*** Dataset extract Section Begins ***

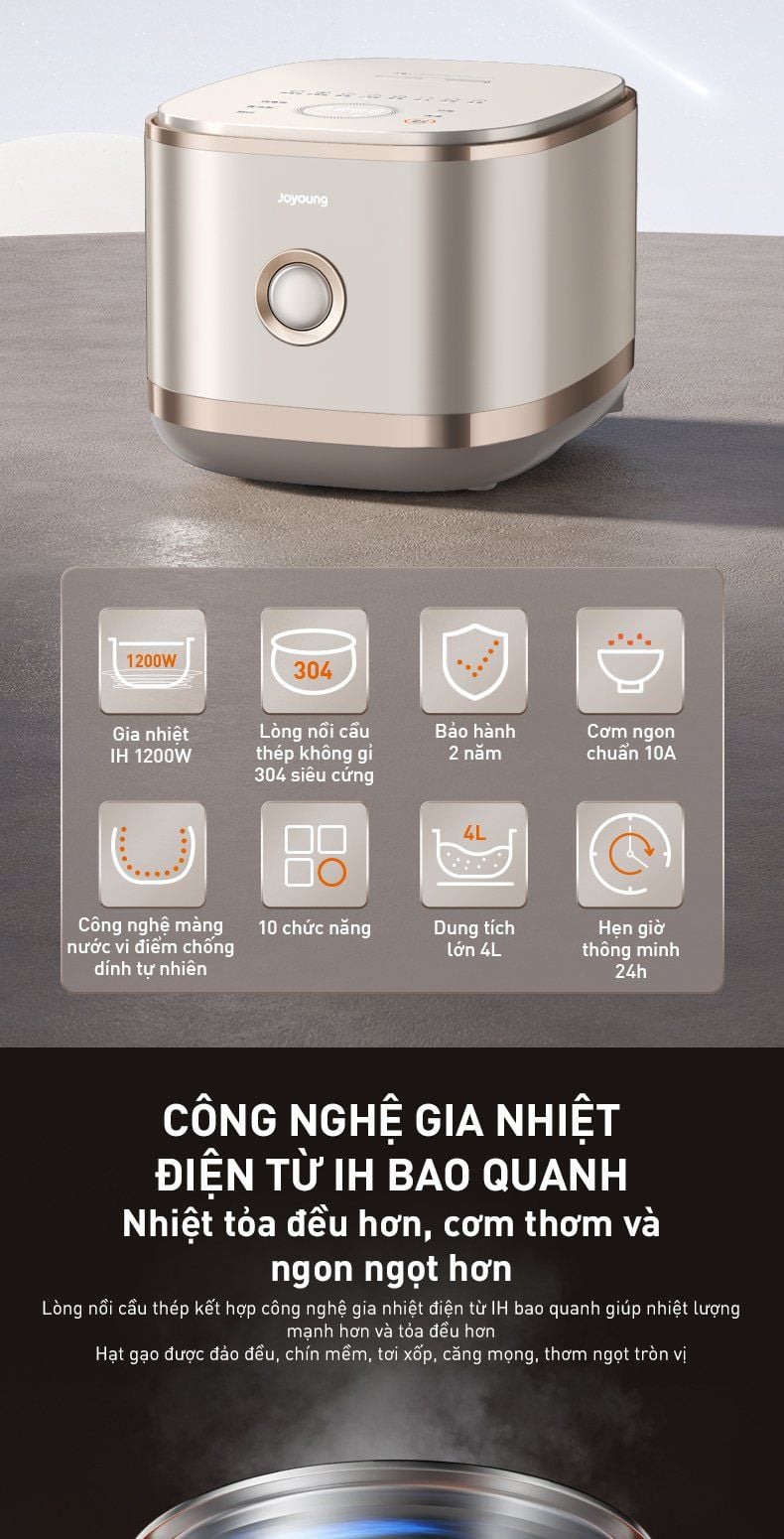 - Công nghệ gia nhiệt điện từ IH: Nhiệt lượng mạnh hơn và tỏa đều hơn.
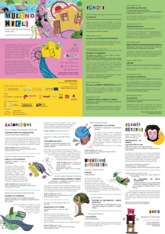 IL MULINO NICLI - Passi sullo sterrato, vento tra i rami, canto dei cigni, scrosciare di cascata, cigolio ritmato di ingranaggi, questi e molti altri sono suoni tra i suoni finché non si apprende a distinguerli, a riconoscerne il ritmo, ad apprezzarne l’unicità. Stando qui in un luogo protetto a contatto con la natura, lontano dalla confusione e dove il cellulare non prende, si impara ad ascoltare. L’ascolto, la semina, il lieve fruscio delle idee che germogliano sono attimi da curare che hanno trovato terreno fertile al Mulino Nicli (Giavons di Rive d’Arcano) e così da dal 2022 l’Associazione Servi di Scena e i suoi amici coltivano idee, realizzano laboratori, allestiscono spettacoli proprio qui: è con questo spirito che Servi di Scena vi propone un programma di iniziative aperto agli abitanti del territorio ed a tutti i macinatori di idee.
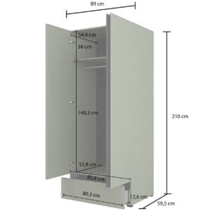 Před umístěním ověřte průchod dveřmi a volný prostor v místnosti vzhledem k rozměrům 89cm × 210cm × 60cm. Skříň má spodní šuplík s válečkovým vedením a neobsahuje samostatnou úchytku. Uvedené materiály a technické údaje najdete v sekci výše; záruka produktu je 24 měsíců.

*** Dataset extract Section Ends ***

# Task goal
Copy, without the pictures, exactly the lines from the line with "IL MULINO NICLI" through the end of the material above, both ends included.

# Response below
 IL MULINO NICLI - Passi sullo sterrato, vento tra i rami, canto dei cigni, scrosciare di cascata, cigolio ritmato di ingranaggi, questi e molti altri sono suoni tra i suoni finché non si apprende a distinguerli, a riconoscerne il ritmo, ad apprezzarne l’unicità. Stando qui in un luogo protetto a contatto con la natura, lontano dalla confusione e dove il cellulare non prende, si impara ad ascoltare. L’ascolto, la semina, il lieve fruscio delle idee che germogliano sono attimi da curare che hanno trovato terreno fertile al Mulino Nicli (Giavons di Rive d’Arcano) e così da dal 2022 l’Associazione Servi di Scena e i suoi amici coltivano idee, realizzano laboratori, allestiscono spettacoli proprio qui: è con questo spirito che Servi di Scena vi propone un programma di iniziative aperto agli abitanti del territorio ed a tutti i macinatori di idee.
 Před umístěním ověřte průchod dveřmi a volný prostor v místnosti vzhledem k rozměrům 89cm × 210cm × 60cm. Skříň má spodní šuplík s válečkovým vedením a neobsahuje samostatnou úchytku. Uvedené materiály a technické údaje najdete v sekci výše; záruka produktu je 24 měsíců.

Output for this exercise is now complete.